Thanks for looking into this @Stranger6667 , I really appreciate it.

Yes, I could use the ValidationOptions::with_resources API, but right now Registry does not have a way for me to get the resources out of it. Would it be possible to provide a method on Registry that returns an iterator of the resources so that I can pass the iterator into ValidationOptions::with_resources?

@Stranger6667
Copy link
Owner

Sure thing! I am happy to learn more about your use case!

To clarify, your main use case is still in Python, right?

If so, then it looks like referencing::Registry should also be available via Python bindings + Registry should provide a public method to iterate over resources. For example Registry::resources that returns impl Iterator<Item = (&Uri<String>, Arc<Resource>)> and corresponding Python method that will have a similar interface. I am not 100% sure about what Python API would be the most ergonomic here, but maybe if Registry ought to be exposed via bindings anyway, then maybe it would be better to add a registry argument to validate / validator_for / etc. And internally it will either iterate over those resources or maybe some ValidationOptions::with_registry could work too.

Could you share some code you are porting? It will help me to have a better overview of what could be done here to enable this use case for you.

@rayokota
Copy link
Author

rayokota commented Jan 31, 2025

Actually, my use case is I am porting Python code to pure Rust code. So the new Rust code will not rely on any of the old Python code.

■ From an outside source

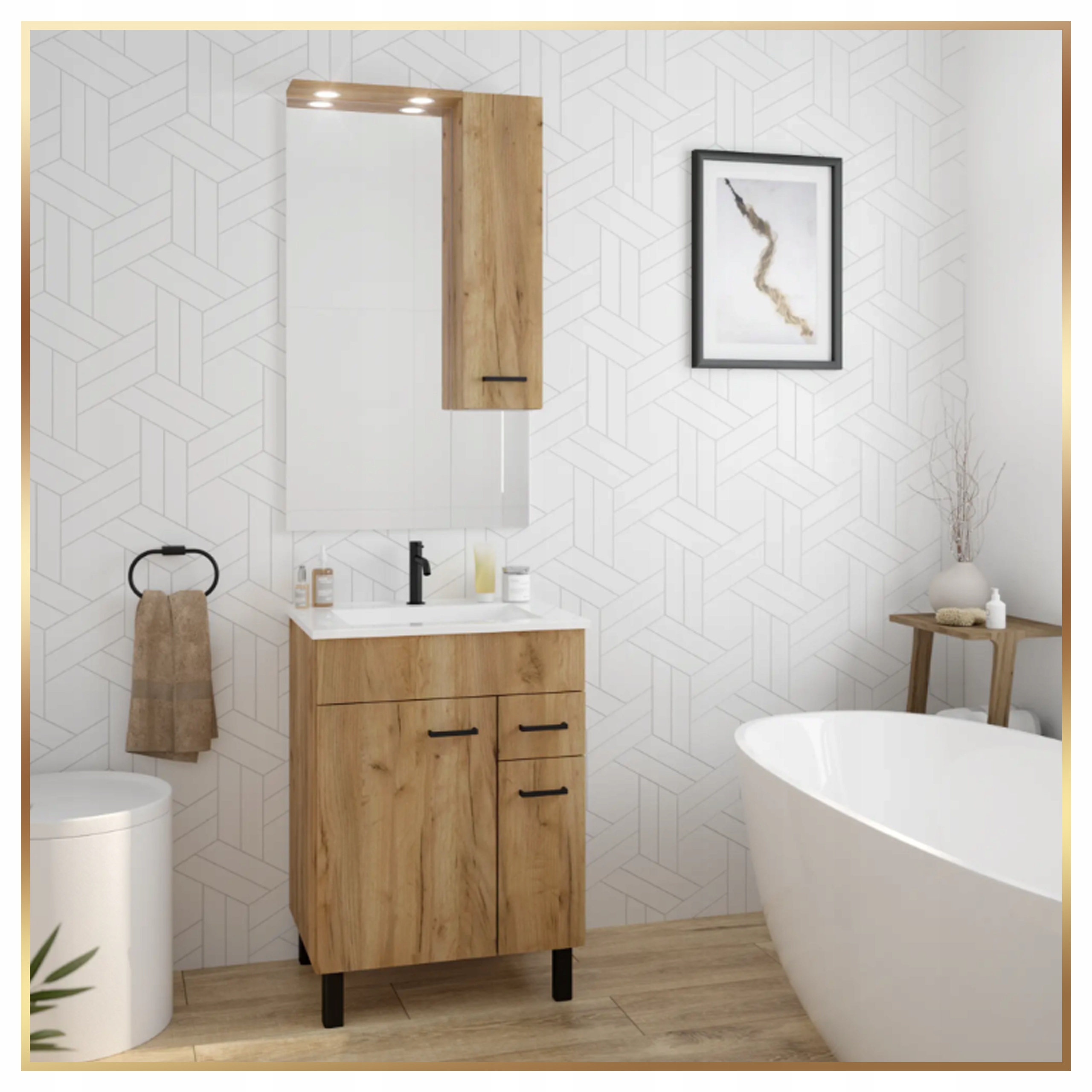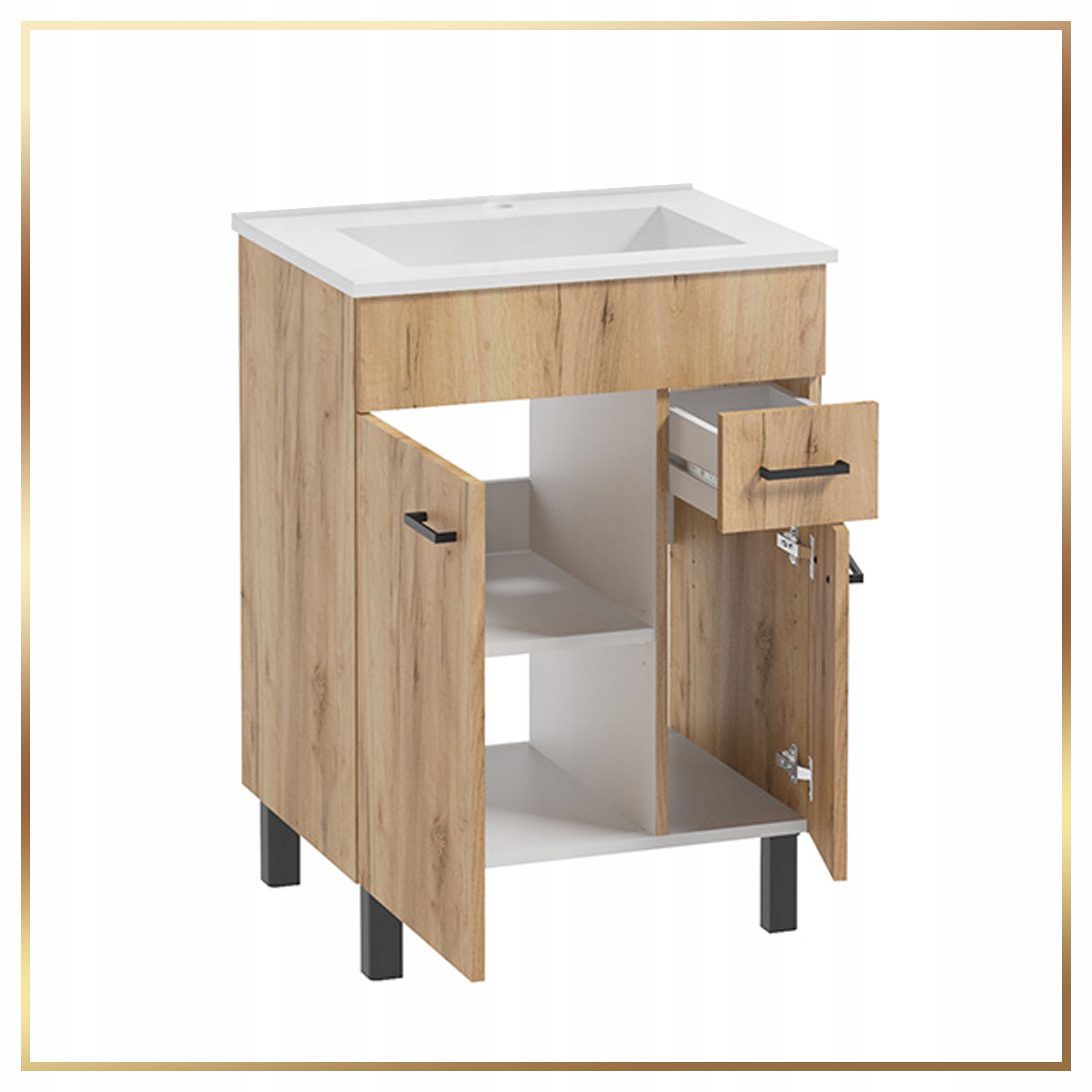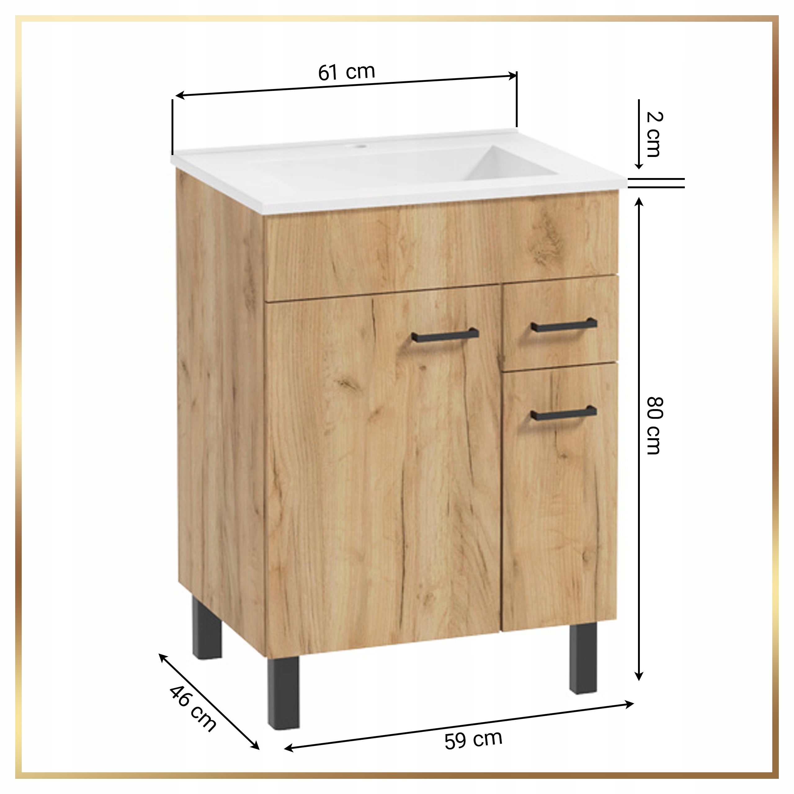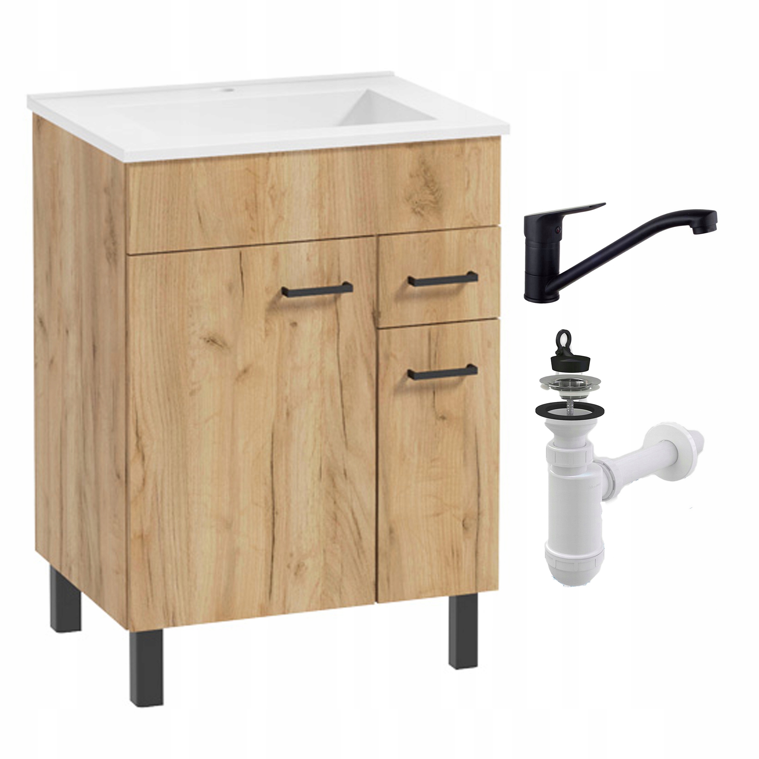 Szafka Łazienkowa z Umywalką Stojąca 60 Dąb Craft Złoty Bateria Czarna Obro
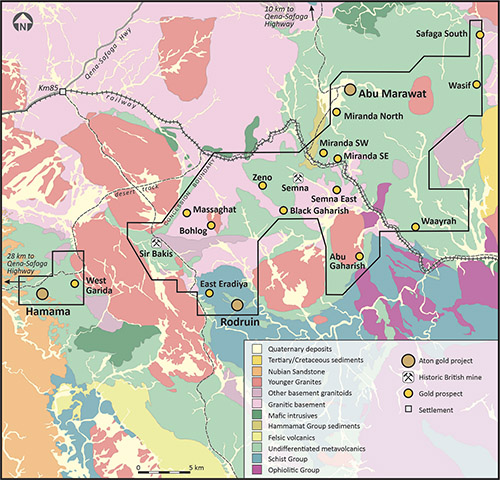 Aton Resources Inc. (AAN: TSX-V) is focused on its 100% owned Abu Marawat Concession (“Abu Marawat”), located in Egypt’s Arabian-Nubian Shield, approximately 200 km north of Centamin’s world-class Sukari gold mine. Aton has identified numerous gold and base metal exploration targets at Abu Marawat, including the Hamama deposit in the west, the Abu Marawat deposit in the northeast, and the advanced Rodruin exploration prospect in the south of the Concession. Two historic British gold mines are also located on the Concession at Sir Bakis and Semna. Aton has identified several distinct geological trends within Abu Marawat, which display potential for the development of a variety of styles of precious and base metal mineralisation. Abu Marawat is 447.7 km2 in size and is located in an area of excellent infrastructure; a four-lane highway, a 220kV power line, and a water pipeline are in close proximity, as are the international airports at Hurghada and Luxor.

More specifically, I am creating a pure Rust client that can talk to Confluent Schema Registry. I am porting a Python client that has these lines

In my Rust code, I have a Registry instance, and I want to call validate. So I either need a ValidationOptions::with_registry method (the preferred solution) or an iterator on the Registry to get all the resources, which I can then pass to ValidationOptions::with_resources.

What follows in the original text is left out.